Joseph W. Papin, (September 7, 1931 - March 9, 1992) also known as Joe Papin was a reportorial artist, illustrator, courtroom sketch artist, and political cartoonist.

==Personal life==
Papin was born September 7, 1931, in Saint Louis, Missouri. He attended Ohio State University where he received his Bachelor of Fine Arts in 1955. He became a commissioned Lieutenant for the U.S. Army in 1955 and worked for the Army Pictorial Center, where he made training films for the Defense Department. He married Jane Arlene Scatterday on June 25, 1955. They had five children. He died on March 9, 1992, at the age of 60 from melanoma.

==Career==
Joe Papin's first assignment in New York City came from Russell Lynes, managing editor of Harper's Magazine. Ben Rathbun's article, "New York's gay old lady: Whatever is happening to the Times?" included a five-page spread of Joe's sketches of "behind-the-scenes at the New York Times.". After that his career took off.
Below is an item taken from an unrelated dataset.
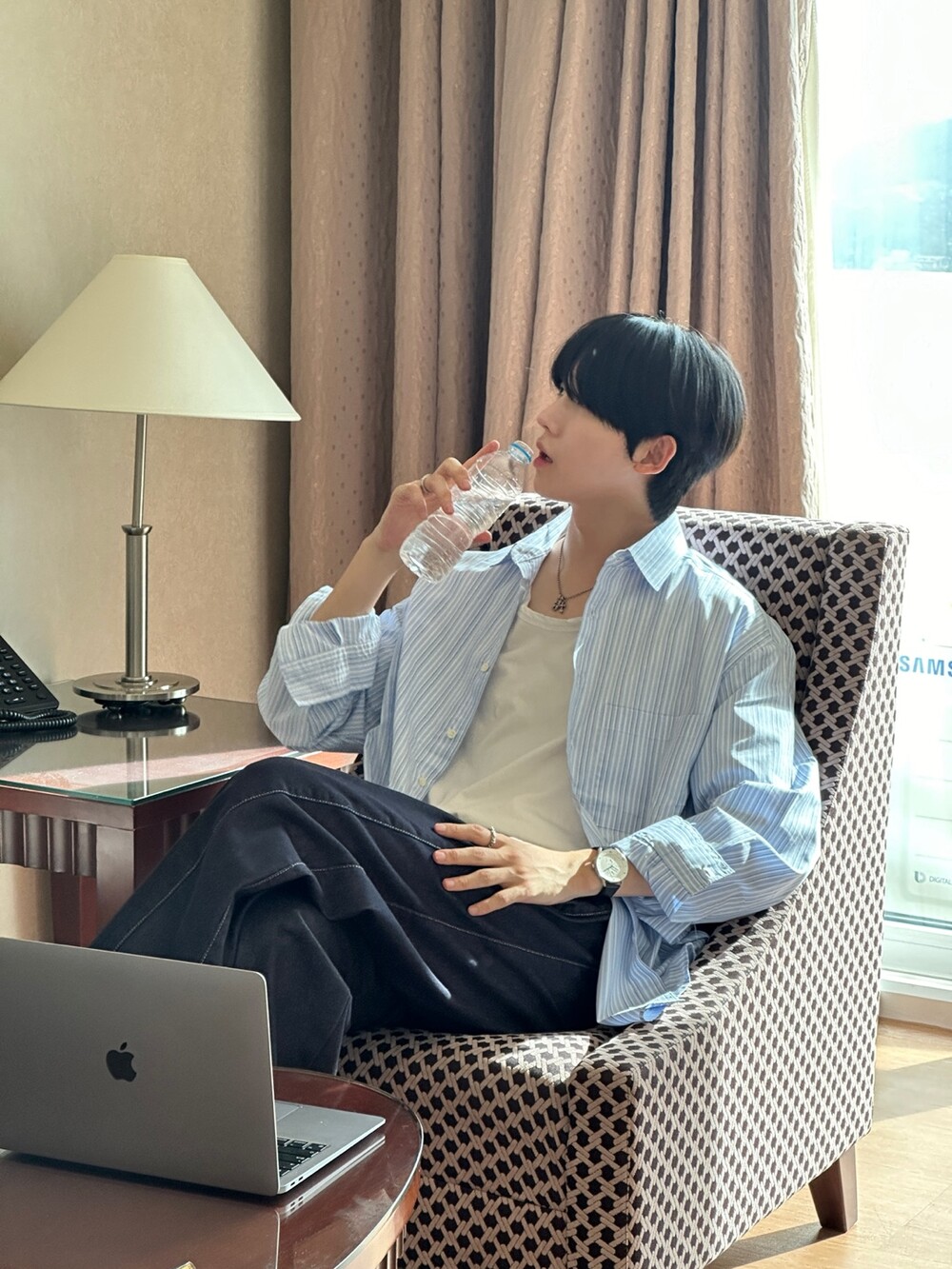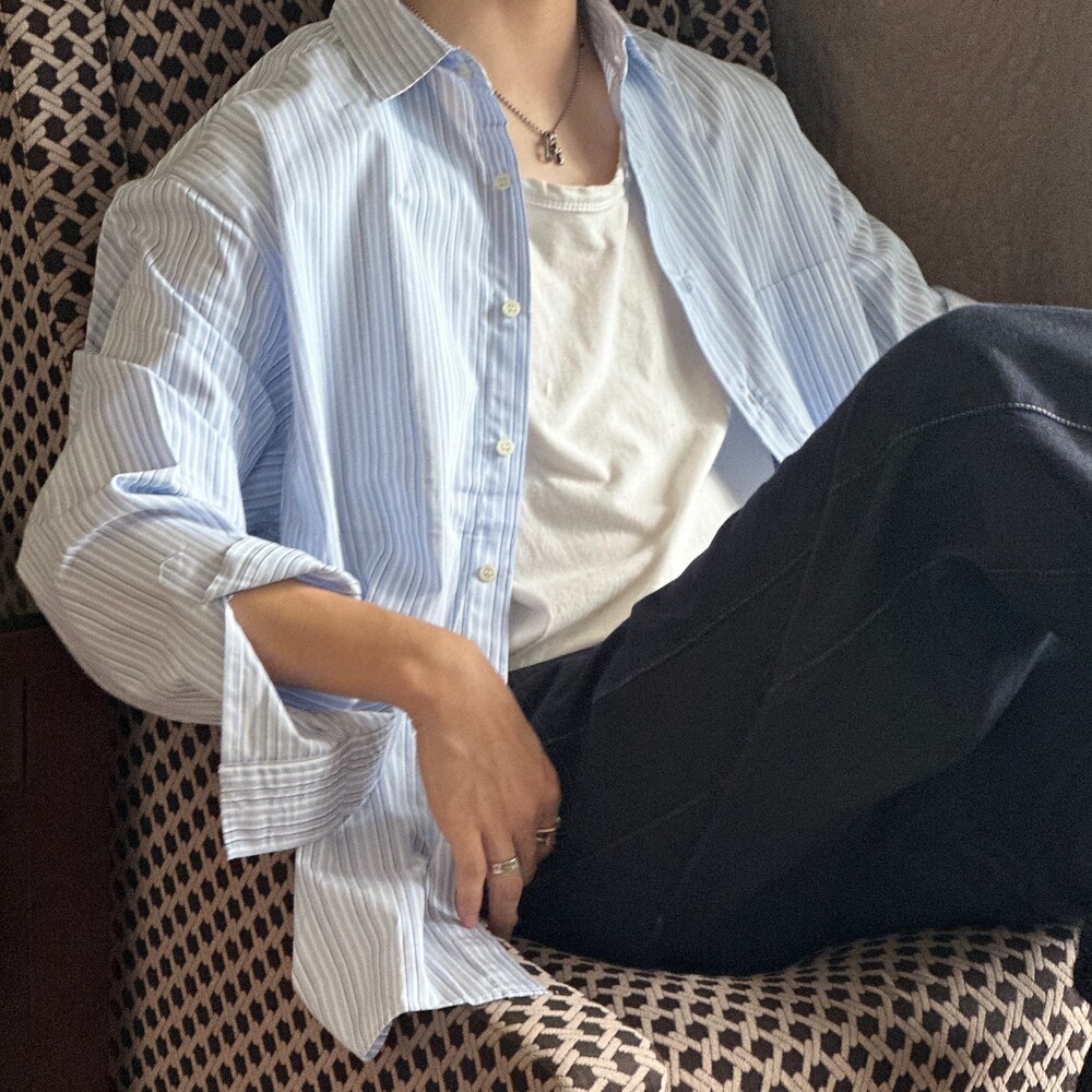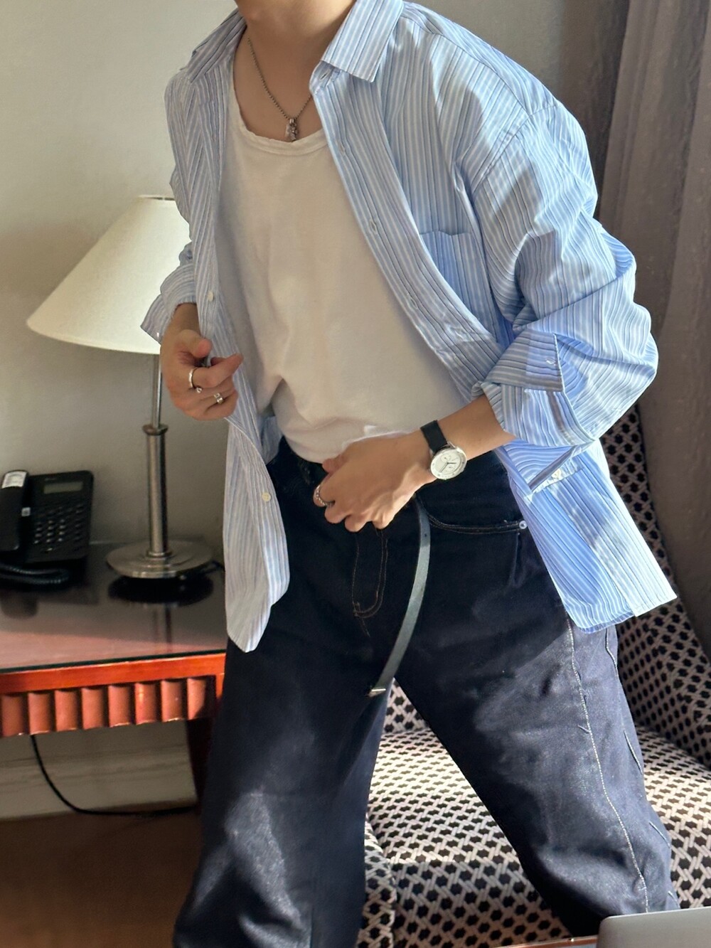 루즈한 핏감에 청량한 컬러로 너무 잘 뽑힌 셔츠입니다 !

He was a freelance artist from 1957 to 1992, Papin's work appeared in USIA's American Illustrated, Harper's Magazine, Newsweek, Business Week, The Reporter, American Heritage, Forbes, Playboy, The National Review, and other specialty magazines. Among newspapers he contributed to the Herald Tribune, The New York Times, and worked on staff at The New York Daily News,
 where his reportorial drawings depicted the major trials for over twenty years and his illustrations and political cartoons accompanied editorial articles. He illustrated over forty-five adult and children's books, lectured at colleges and for professional societies, gave many demonstrations, and had his work featured in national art shows.
His courtroom art collection of over 4,750 drawings is a part of the Courtroom Art Collection at the Library of Congress, Washington, D.C. Papin's work was a part of the Library of Congress exhibit "Drawing Justice: The Art of Courtroom Illustrations" which ran from April 27, 2017, to Dec 30, 2017. "While the legal system is generally open to all of us, courtroom artists open the door — via our newspapers, televisions and now computers — to gain privileged access to a trial," the library's Sara Duke, the show's curator, says of the unique role of these talents. "But artists don't act merely as recorders of a moment. They distill for us how people gesture, their relationships to other people in the room and moments of action in the court that define the trial."

===Courtroom art===
His drawings often accompanied Theo Wilson's articles. Theo Wilson, who also worked for the Daily News, described as the "best-known, most respected trial reporter in the world" by the New York Reporters Association, tells of some of the trials they covered together in her memoir Headline Justice, Inside the Courtroom- The Country's most Controversial Trials. Wilson refers to Papin's work as "remarkable" and Papin as a "miracle worker" due to his accomplishments during the Patty Hearst Trial. The art show "Reportage Drawing: Four Courtroom Artists," according to Robert Long of the East Hampton Star, brought "several of the most notable, most highly visible practitioners in the genre here. Joseph Papin, perhaps best known for his work for the Daily News (including a famous front-page rendition of David (Son of Sam) Berkowitz while under cross-examination), tends to work with heavy, fast strokes, with little filling in, when portraying emotional moments of a trial." His work was exhibited nationally along with eight other artists in an art show that traveled the U.S. "Papin's pen and ink drawings suggests the nervous energy, the vagaries, and the uncertainties of any trial" said Suzanne Owens, one of the curators of the Syracuse University art show. He was the recipient of seven Page One Awards for graphic excellence in journalism and the New York Press Club Art Award for Reportorial Art/Courtrooms: Outstanding Artist of the Year. Writer and editor Scott Edelman refers to "Joe Papin, famed courtroom sketch artist." While at the New York Daily News he covered most major trials in between the years 1970 and 1991, including such famous trials as Watergate, Patty Hearst, Jean Harris, the Son of Sam (David Berkowitz), and the Pizza Connection Trial.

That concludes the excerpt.